> [EXERCISE GOAL]:
Beginning at the line that contains "Plastic model kit", reproduce the entries below exactly, ending with the line that contains "Lindo Apto 1". Omit each picture.

> [EXTRACTED RECORDS]:
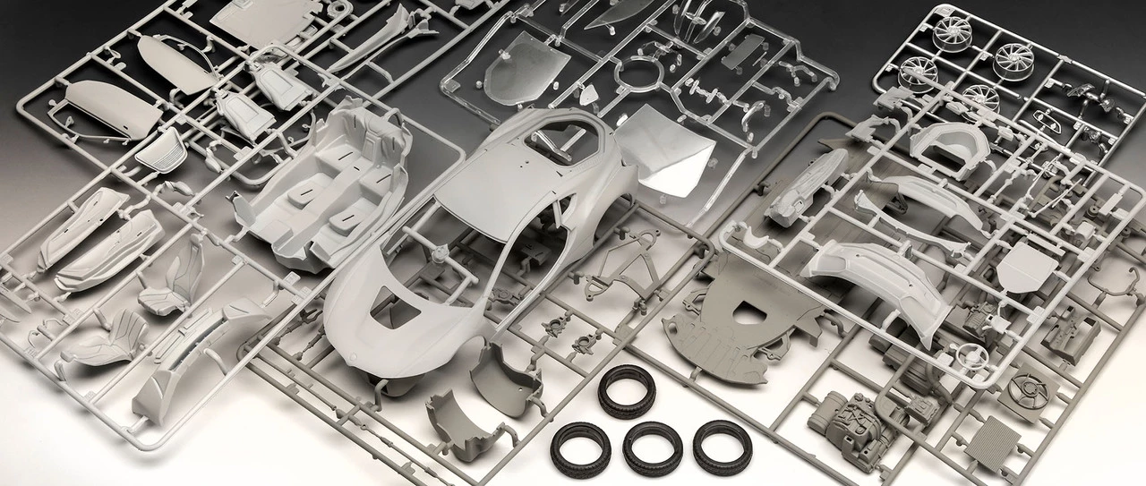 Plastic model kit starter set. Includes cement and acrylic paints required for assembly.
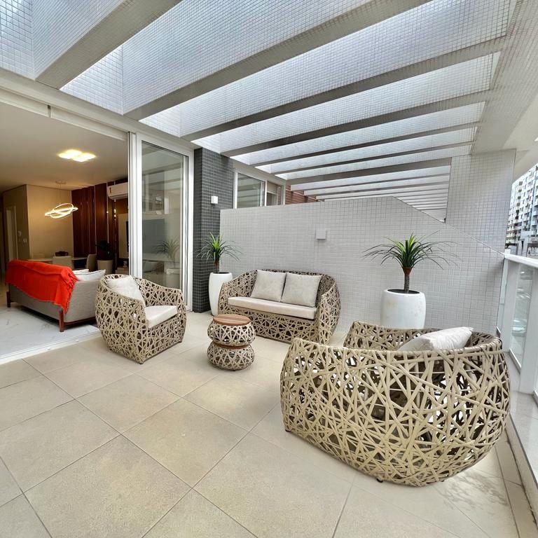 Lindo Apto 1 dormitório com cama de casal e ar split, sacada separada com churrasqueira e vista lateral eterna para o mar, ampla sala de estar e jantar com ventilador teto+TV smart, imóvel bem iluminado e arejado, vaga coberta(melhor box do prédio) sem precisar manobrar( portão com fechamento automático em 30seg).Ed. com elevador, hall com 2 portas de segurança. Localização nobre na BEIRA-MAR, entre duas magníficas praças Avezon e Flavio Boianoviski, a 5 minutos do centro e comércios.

---

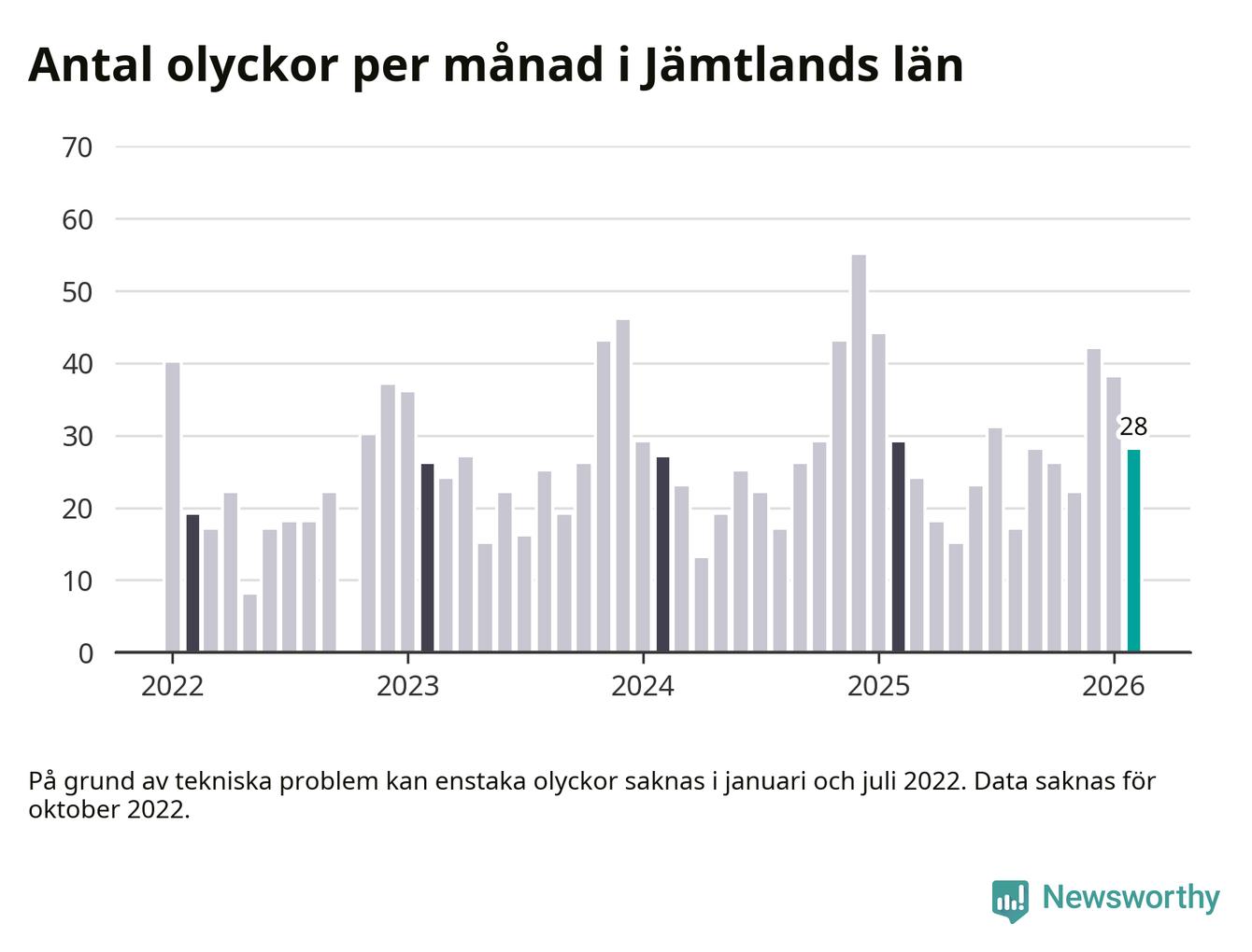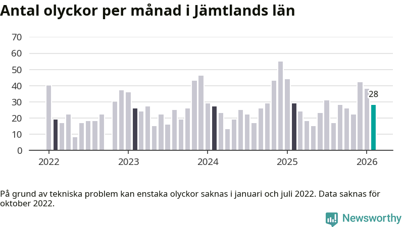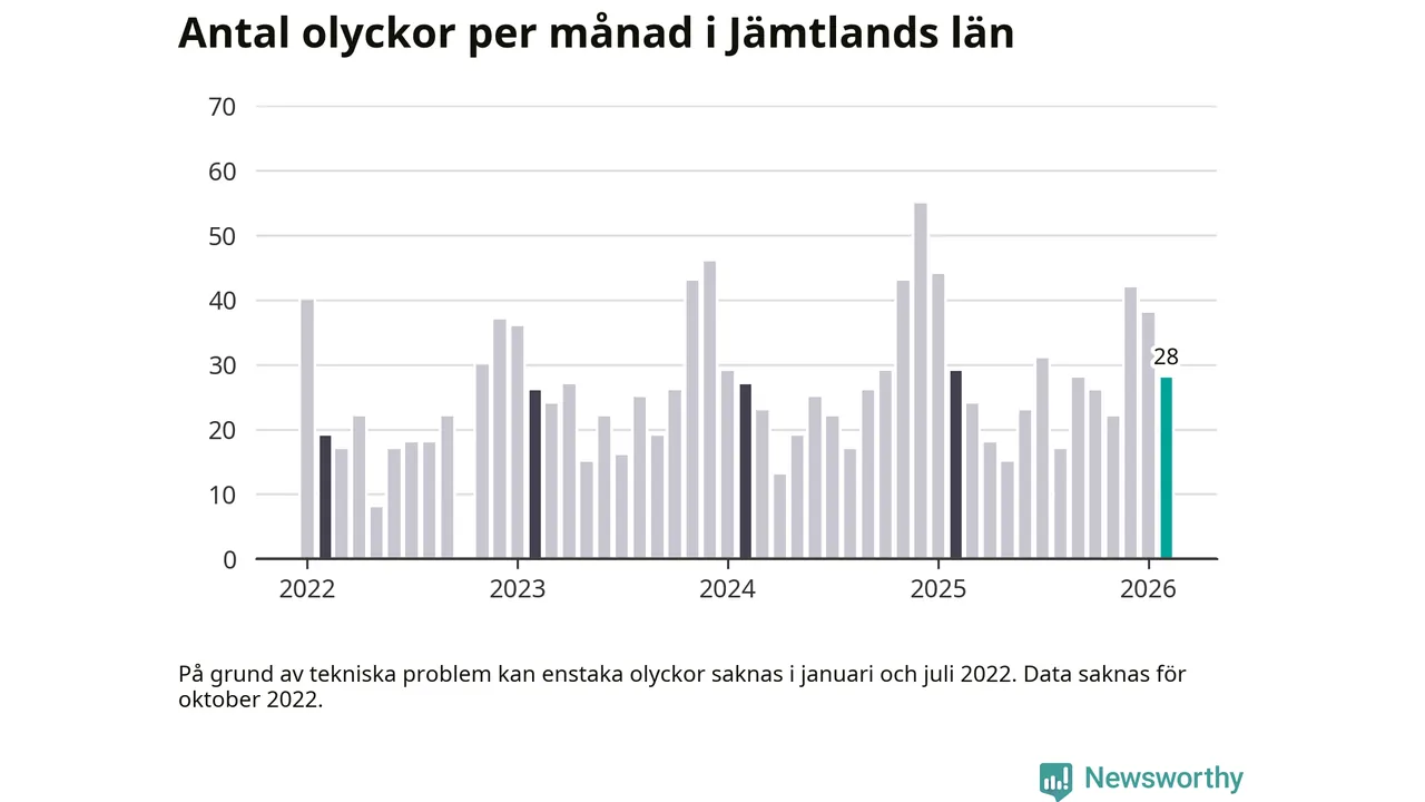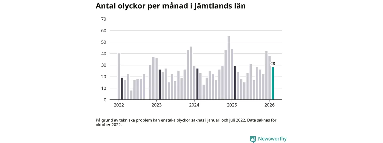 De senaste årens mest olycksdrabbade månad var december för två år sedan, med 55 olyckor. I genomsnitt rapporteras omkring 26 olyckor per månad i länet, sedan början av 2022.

> [ANSWER TO THIS TASK]:
 Plastic model kit starter set. Includes cement and acrylic paints required for assembly.
 Lindo Apto 1 dormitório com cama de casal e ar split, sacada separada com churrasqueira e vista lateral eterna para o mar, ampla sala de estar e jantar com ventilador teto+TV smart, imóvel bem iluminado e arejado, vaga coberta(melhor box do prédio) sem precisar manobrar( portão com fechamento automático em 30seg).Ed. com elevador, hall com 2 portas de segurança. Localização nobre na BEIRA-MAR, entre duas magníficas praças Avezon e Flavio Boianoviski, a 5 minutos do centro e comércios.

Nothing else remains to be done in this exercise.